# Electronics Manufacturers Scrambling to Show Consumers that 4K Content Will Arrive and Thrive



## Todd Anderson (Jul 24, 2009)

4K Ultra Hi-Definition (UHD) has roared to the forefront of the display world with a ferocity that has knocked 1080p to the ground. At this point, it’s entirely impossible not to take notice. CES 2014 proved that industry’s biggest manufacturers of displays (LG, Panasonic, Sony, and Samsung) are all angling to be at the forefront of the UHD race. Each one, however, is following a slightly different roadmap. Panasonic and Sony (which recently cancelled an OLED partnership) both appear content on improving existing LCD technologies, LG is hedging its bet with both LCD and WRGB OLED technologies, while Samsung is using LCD and RGB OLED. Plasma, as we’ve discussed in the past, is largely being left behind primarily because of energy consumption issues associated with larger displays and the cost of implementing the technology in 4K sets. 








Many consumers are watching this mad dash with skepticism, and rightly so. The vast majority of us have invested in 1080p equipment that is relatively new and entirely capable of producing stunning, detail-filled, hi-def images. Then there’s the issue of content. Library collections are stuffed with 1080p Blu-rays while true full-1080p content on the airwaves is impossible to find. This begs the question: What about 4K content?

*Introducing H.265*
If you’ve ever studied the fine details of most Blu-ray reviews, you’ve probably noticed the designation “MPEG-4 AVC” (otherwise known as H.264). This is the industry’s current standard for encoding content on Blu-ray discs, not to mention compression and broadcast distribution. It replaced MPEG-2, offering nearly a 50 percent bit rate reduction, which opened the floodgates to growing Hi-Def content delivery to our homes. While it’s technically able to support 4K material (4,096X2304) at 60 frames per second, its bit rate is simply too high to reasonably support UHD delivery. Here’s where a new standard, known as HEVC (or H.265), enters the picture. This encoding technology is far superior to H.264, offering a further 40-50 percent reduction in bit rates, and support for resolutions up to 8K (8192X4320) and 300 frames per second. Most new UHD displays maintain the ability to decode HEVC material, and the industry is hoping this will allow content providers to begin pumping UHD entertainment into our homes sooner than later.

*Manufacturers Aggressively Maneuver to Provide 4K Content*
Let the games begin. The industry wants you buy a UHD television, but they know that content is King; consumers will only want a new UHD model if there’s material to feed it. Last year two companies, RED and Sony, both introduced standalone media players that can download and play 4K Content. RED’s REDRAY provides consumers with access to indie material, while Sony’s Ultra HD Media Player gives owners access to a Video Unlimited 4K download service loaded with more than 140 feature films, indie productions, and TV episodes.

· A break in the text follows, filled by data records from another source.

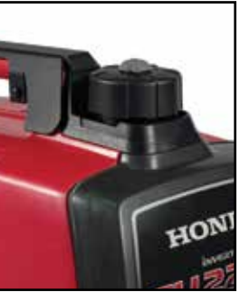
EU2200 i Theft Deterrent Bracket Steel bracket with tamper-proof bolts deters thieves from cutting the plastic handle and removing a cable lock.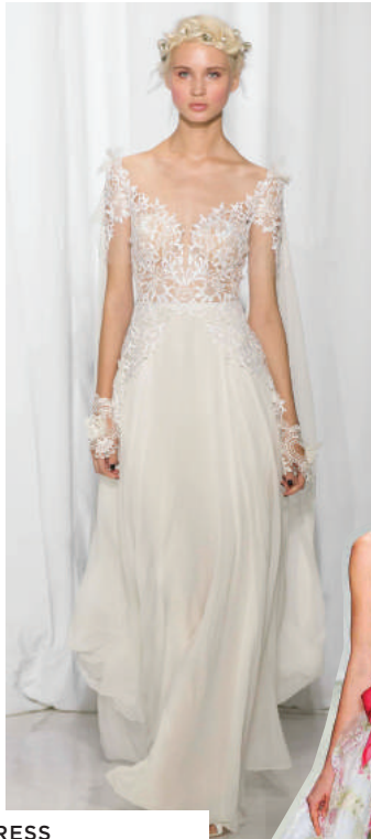
DRESS Reem Acra Fall 2017

Florals make their way into fall with garden inspired prints and 3D floral appliques.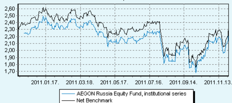
NET ASSET VALUE PER SHARE, 2010.12.01 - 2011.11.30

Past performance is no guarantee of future results. This report should not be considered as an offer or investment advisory. The Fund Prospectus contains the detailed conditions of the investment. The distribution costs of the fund purchase can be found at the distributors.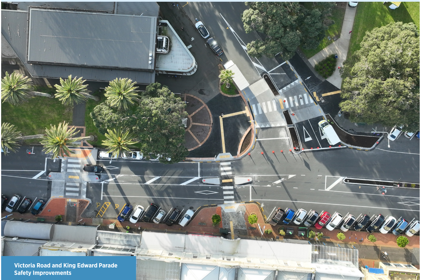
Victoria Road and King Edward Parade Safety Improvements

Last week Samsung unveiled its own hard drive based standalone player (called the UHD Video Pack) which comes pre-loaded with popular movies and video documentaries. Samsung’s partnerships associated with the device include 20th Century Fox Home Entertainment and Paramount Pictures. Much like RED and Sony’s products, Video Pack owners will be able to download new content to the player. But, the range of content will be limited as measured by today’s standards, as Samsung says they will provide a total of 50 UHD shows and movies by year’s end.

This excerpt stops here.